Fifty per cent of Americans are now “concerned believers” in global warming. That is the finding of a new Gallup “cluster analysis” of responses to a poll conducted this month. It is also a record, although the percentage was actually a pretty similar 49 per cent in 2001, when the data series began. Present analysis places 31 per cent of US adults in the “mixed middle” on climate change, and classifies 19 per cent as “cool sceptics”.

A Quinnipiac University poll conducted this month backs this up: 73 per cent of the registered voters polled said they were “very concerned” or “somewhat concerned” about climate change, and 63 per cent said they did not think Donald Trump should “remove specific regulations intended to combat climate change”. Yet another set of polling data, from the Yale Programme on Climate Communication, found that in 2016 a majority of adults in every congressional district in the country thought the Government should limit carbon dioxide emissions from existing coal-fired power plants.

So why is it that the President signed an executive order yesterday that “begins unravelling a raft of rules and directives to combat climate change”, including limits on carbon dioxide emissions from coal-fired power plants? I guess you could attribute some of this disconnect between public opinion and executive action to the vagaries of the American electoral system, which often seems to promote extreme views over consensus-seeking and favours deep pockets over broad public sentiment. Then there is the President’s understandable distrust of polls, his campaign pledges to bring back coal — which he almost certainly will not be able to do, but maybe he figures he will get credit for trying — and the hard transition-team work that veteran anti-environmentalist Myron Ebell put in to shape administration policy on this topic.
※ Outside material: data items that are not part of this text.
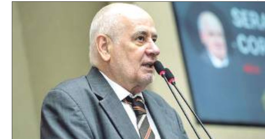
Segundo o líder do PSB na Aleam, a sustentabilidade deve ser o foco dos parlamentares

"O STF validou os incentivos da Lei de Informática. Essa era uma briga antiga da Zona Franca de Manaus, por entender que eles só eram cabíveis, apenas, na Zona Franca de Manaus. O Su-
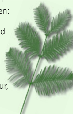
Zweig vom Urweltmammutbaum im Stadtgarten

1811/12 Studienaufenthalt in Paris: Studium der Botanik und Architektur, sowie Praktikum im Jardin des Plantes
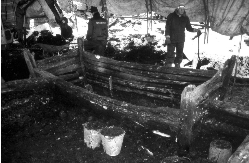
Figur 3. Utgrävningen pågår på Åbo Akademis tomt år 1999 (nr. 2 på bild 1). Boden av stock på bilden har daterats dendrokronologiskt till slutet av 1300-talet.
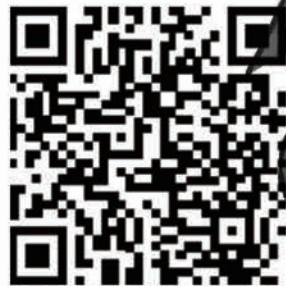
安庆职业技术学院秦潭学子官微

群星无光，今夜微凉。 我爱慕的姑娘，想必已进入梦乡。 那嘴角的微笑，是否仍让我牵肠。 我要把喜悦捏成幸福的形状。 这样即使在沁凉的秋夜。 也可以感知到你就在身旁。 (文/秦潭学子 王凡)
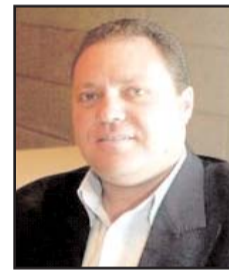
■ بقلم: سري الزودوة

وبهذا الموقف يعزز الاتحاد الأوروبي موقفه بعد اعتماد البرلمان قرار زيادة مخصصات الأونروا بأغلبية 521 صوتاً من أعضاء البرلمان مقابل معارضة 88 صوتاً وامتناع 84 عن التصويت هو تعبير حي عن التزام الاتحاد الأوروبي بإدانة دعمه السياسي والمالي للأونروا ورسالة تأكيد بالدور المهم الذي تقوم به وكالة الغوث الدولية من خلال
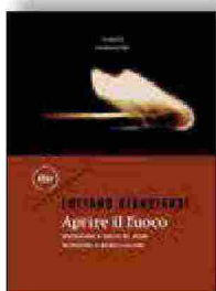
Le copertine dei libri di Bianciardi editi da Ex Cogita, Minimum Fax

«Ho scelto di star dalla parte dei badilanti e dei minatori della mia terra», scriveva Luciano Bianciardi nel '52 sulla rivista Belfagor
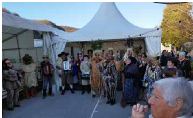
Pust na drsališču
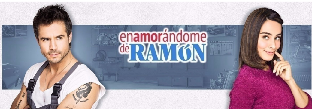
ENAMORÁNDOME DE RAMÓN JULIO - SEPTIEMBRE 2017 POR PERU AGOSTO - NOVIEMBRE 2017 POR PANAMA MARZO - SEPTIEMBRE 2017 POR REPUBLICA DOMINICANA
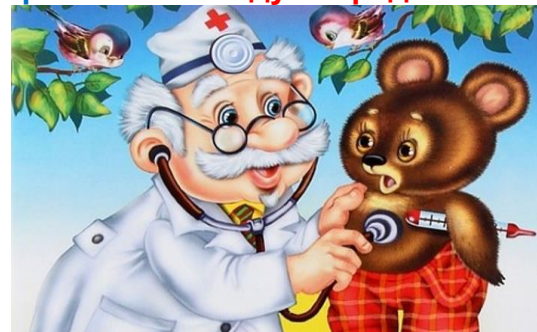
Право на получение медицинской помощи
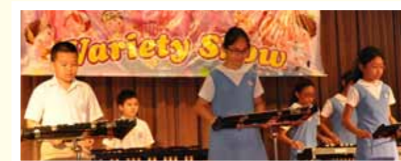
■共譜中西樂章之木琴合奏。
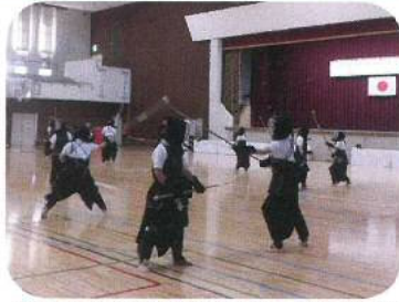
地方青少年武道錬成大会（なぎなた）
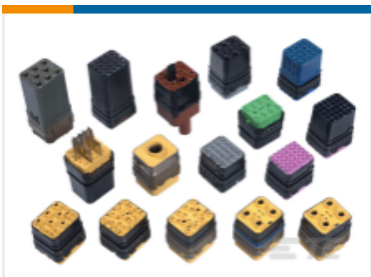
TE 产品编号ZPF000000000148762 DMC-M 99-04 AN (=33537-P0000)
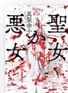
『聖女か悪女』 真梨幸子：著
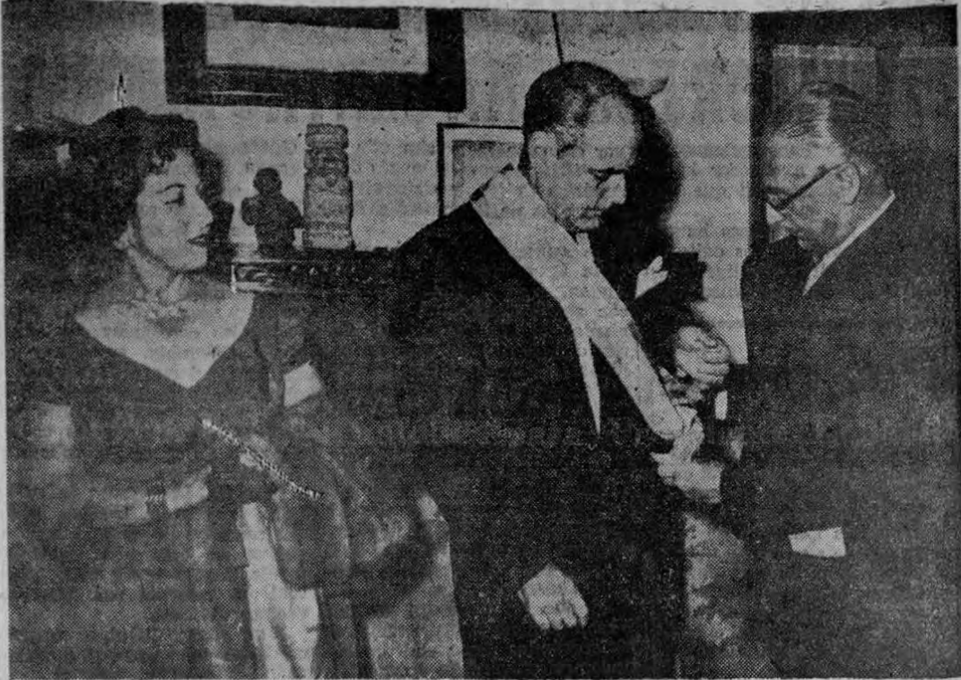
Lucida recepción se efectuó anoche en la Embajada de España, ofrecida por el señor Embajador de España y la señora de Núñez del Río, con motivo de la imposición de las insignias de la Gran Cruz de Isabel la Católica, al Excmo Sr. Presidente de la República y en honor también de doña Olga de Echandi. En la fotografía se ve al señor Embajador de España en el momento de colocarle dichas insignias al Jefe del Estado, mientras su distinguida esposa doña Olga de Echandi observa la escena.
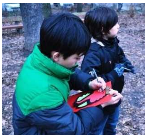
Abb.3: Bestandsaufnahme vor Ort
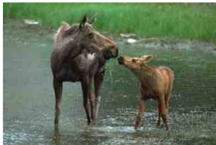
Eland met kalf

een kalf is een gezonde, volwassen eland te gevaarlijk voor ze. Dat wordt anders als de roedel een verzwakte eland vinden. Bijvoorbeeld een dier dat verzwakt is door teken. Op één eland kunnen wel 200.000 teken leven die allemaal bloed zuigen. Wolven zijn
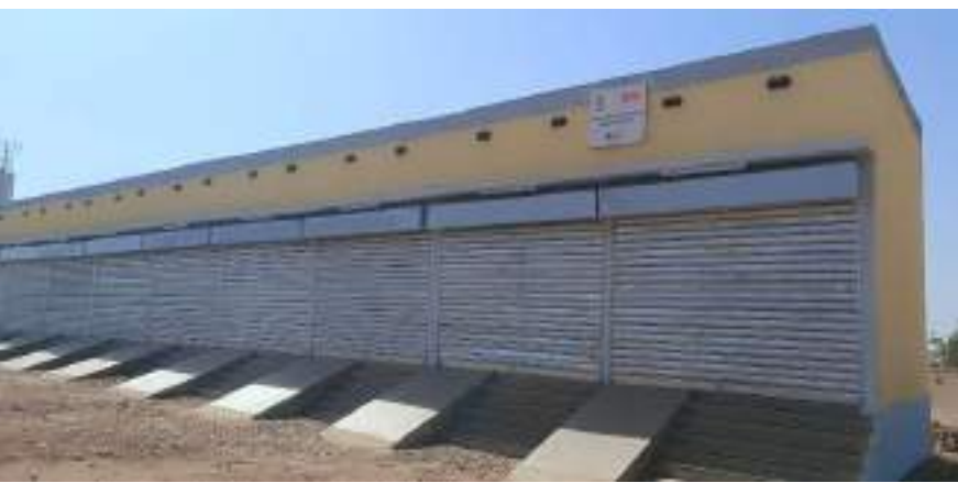
Des boutique de rue réalisées par le Conseil régional du Nord à la salle polyvalente de Ouahigouya (Nord)
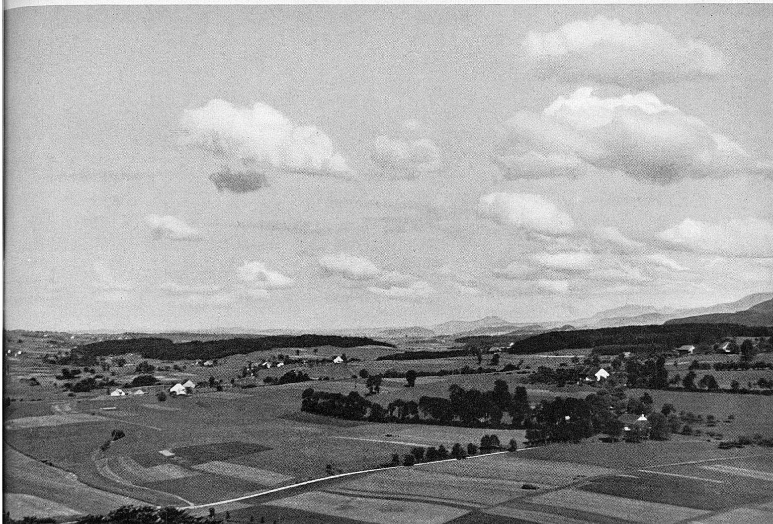
Nel Mittelland friborghese. — Im Freiburger Mittelland.*
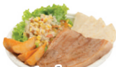
Punta de anca a la plancha
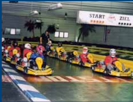
Einsteigen: Indoor Kartrennen des AC Bavaria.

Die Motorsportsaison ist fast zu Ende, doch der AC Bavaria gibt nochmals ordentlich Gas: Beim 1. ACB Indoor Kartrennen am 22. November ab 10 Uhr im Münchner Kartpalast. 600 Meter Rennstrecke mit Curbs, einem ausgeklügelten Zeitmess-System, Monitoren an der Bahn und speziellen Lichteffekten – so wird der Tag zu einem einzigartigen Erlebnis. Mitmachen kann jeder, Erwachsene und Jugendliche ab 14 Jahren, das Wichtigste ist Begeisterung für die rasante Sportart. Und das ist das Reglement: Zugelassen sind 16 Teams à drei Teilnehmer. Im Qualifikationstraining werden drei Einzelstarts mit jeweils sieben Runden und im anschließenden Hauptrennen 18 Runden absolviert. Die Ergebnisse der drei Teammitglieder aus den Einzelläufen wer-

But after looking through the polling data over the years, I have another thought that is not unrelated to the above reasons but seems worthy of separate consideration: most Americans really are not sure what to think about climate change. Yes, levels of concern are high right now, but that seems to be in large part a partisan reaction to who is in the White House. Just as climate-change sceptics grew in number in the early years of Barack Obama’s presidency, climate worriers are coming out of the woodwork with Trump.

Over the past couple of decades, about 25 per cent of Americans have consistently worried about climate change, and about 15 per cent consistently dismissed it. The other 60 per cent of the adult populace appears to be open to persuasion. Also, very few Americans see addressing climate change as their top priority. It shows up nowhere on Gallup’s regular tally of what people think is the most important issue facing the country, while environmental and pollution-related topics were named by only 2 per cent of those polled last month.
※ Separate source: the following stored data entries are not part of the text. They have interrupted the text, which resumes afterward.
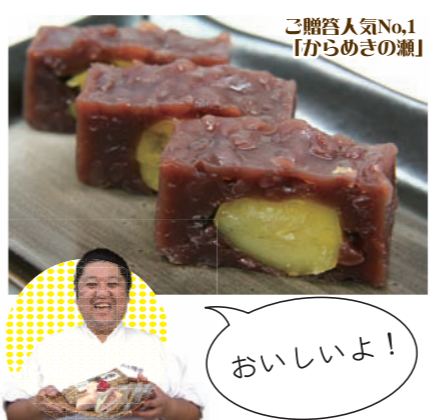
ご贈答人気No.1 「からめきの瀬」

大門通り沿いにある「大門岡塾」の店主は、テレビチャンピオンの全国和菓子職人選手権で準優勝した実力の持ち主。「からめきの瀬」や「下総最中」など、こだわりの銘菓が人気です。
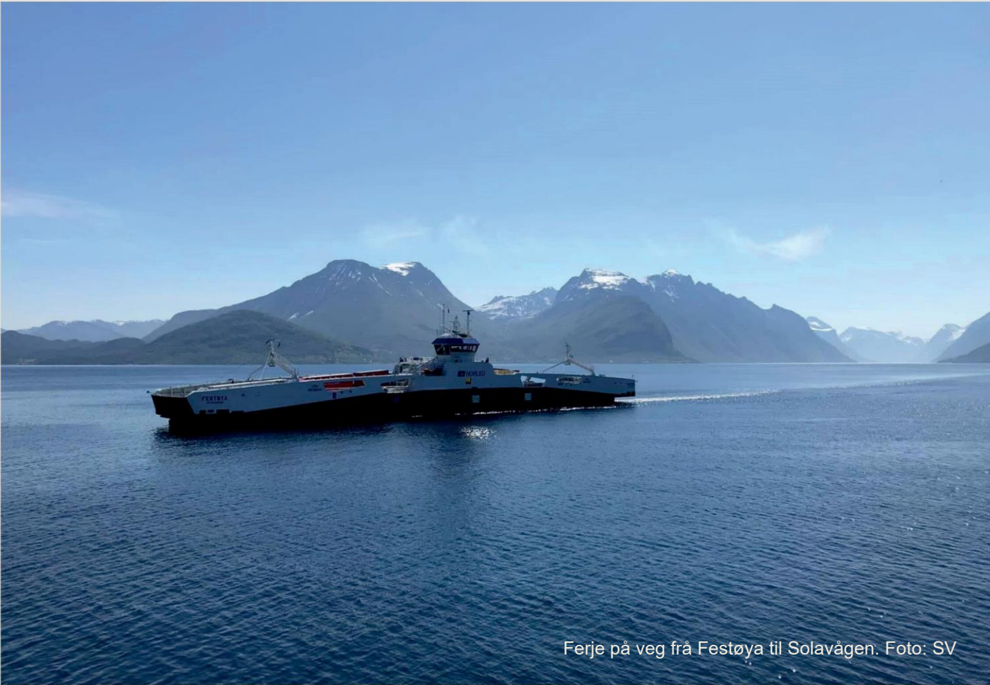
Ferje på veg frå Festøya til Solavågen.
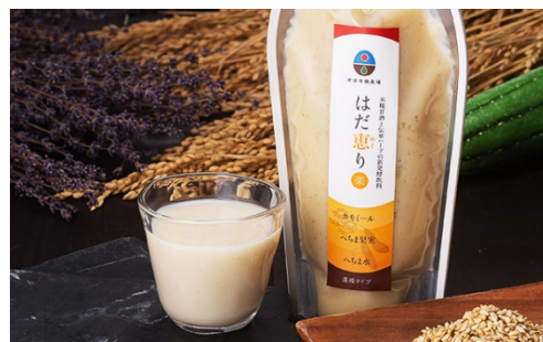
【「はだ恵り(めぐり)シリーズ」】

地域の農家からの農作物の供給、地元大学との共同研究、米麴の供給などをうけていく。

Here is another interesting polling result, from the Pew Research Centre: only 27 per cent of American adults agree with the statement that “almost all climate scientists agree that human behaviour is mostly responsible for climate change”. Now I guess we could quibble a little over the meaning of “almost all”, but it is well established that about 97 per cent of active climate scientists believe that human activity is the cause of recent global warming. This is in part testimony to the success of Ebell and his allies in deliberately sowing doubt. But it could also be a sign that the “scientific consensus” framing just intrinsically is not all that persuasive.
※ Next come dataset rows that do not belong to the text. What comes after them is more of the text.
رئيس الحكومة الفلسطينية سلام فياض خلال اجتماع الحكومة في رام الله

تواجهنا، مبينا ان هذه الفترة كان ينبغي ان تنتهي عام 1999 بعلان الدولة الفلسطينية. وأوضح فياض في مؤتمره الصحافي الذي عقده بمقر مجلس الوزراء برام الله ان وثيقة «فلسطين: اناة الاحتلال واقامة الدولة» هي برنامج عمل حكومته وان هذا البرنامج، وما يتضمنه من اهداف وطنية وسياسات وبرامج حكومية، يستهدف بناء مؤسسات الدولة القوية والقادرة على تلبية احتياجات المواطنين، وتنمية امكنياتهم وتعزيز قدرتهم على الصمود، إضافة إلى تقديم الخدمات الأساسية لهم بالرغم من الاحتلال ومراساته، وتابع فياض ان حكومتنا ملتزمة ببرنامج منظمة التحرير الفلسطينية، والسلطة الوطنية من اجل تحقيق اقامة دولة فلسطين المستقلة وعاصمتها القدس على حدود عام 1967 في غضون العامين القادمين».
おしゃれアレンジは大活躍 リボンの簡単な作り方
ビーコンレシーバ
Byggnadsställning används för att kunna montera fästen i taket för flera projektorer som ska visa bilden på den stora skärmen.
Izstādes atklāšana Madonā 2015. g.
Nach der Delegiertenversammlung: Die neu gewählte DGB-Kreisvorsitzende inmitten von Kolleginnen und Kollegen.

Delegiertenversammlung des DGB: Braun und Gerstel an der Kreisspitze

I will admit, I’m biased here: I wrote a book about a scientific consensus that has largely unravelled, and I have watched with fascination — and eaten with satisfaction — as the scientific consensus over the merits and demerits of carbohydrates and fats has pretty much reversed itself. So 97 per cent of scientists in a particular field believing something is not in itself all that persuasive to me.

What is persuasive? This is a topic I hesitate to weigh in on because people get so worked up about it and because I’m no expert. But here is what my thought process has looked like: more than a century ago, Swedish chemist Svante Arrhenius theorised that rising concentrations of carbon dioxide in the atmosphere from industrial emissions would cause global temperatures to rise. Since then, carbon dioxide concentrations have risen, and so have temperatures. That is not proof that the two are linked, but, over time, objections and alternatives to Arrhenius’s hypothesis have tended to fall by the wayside.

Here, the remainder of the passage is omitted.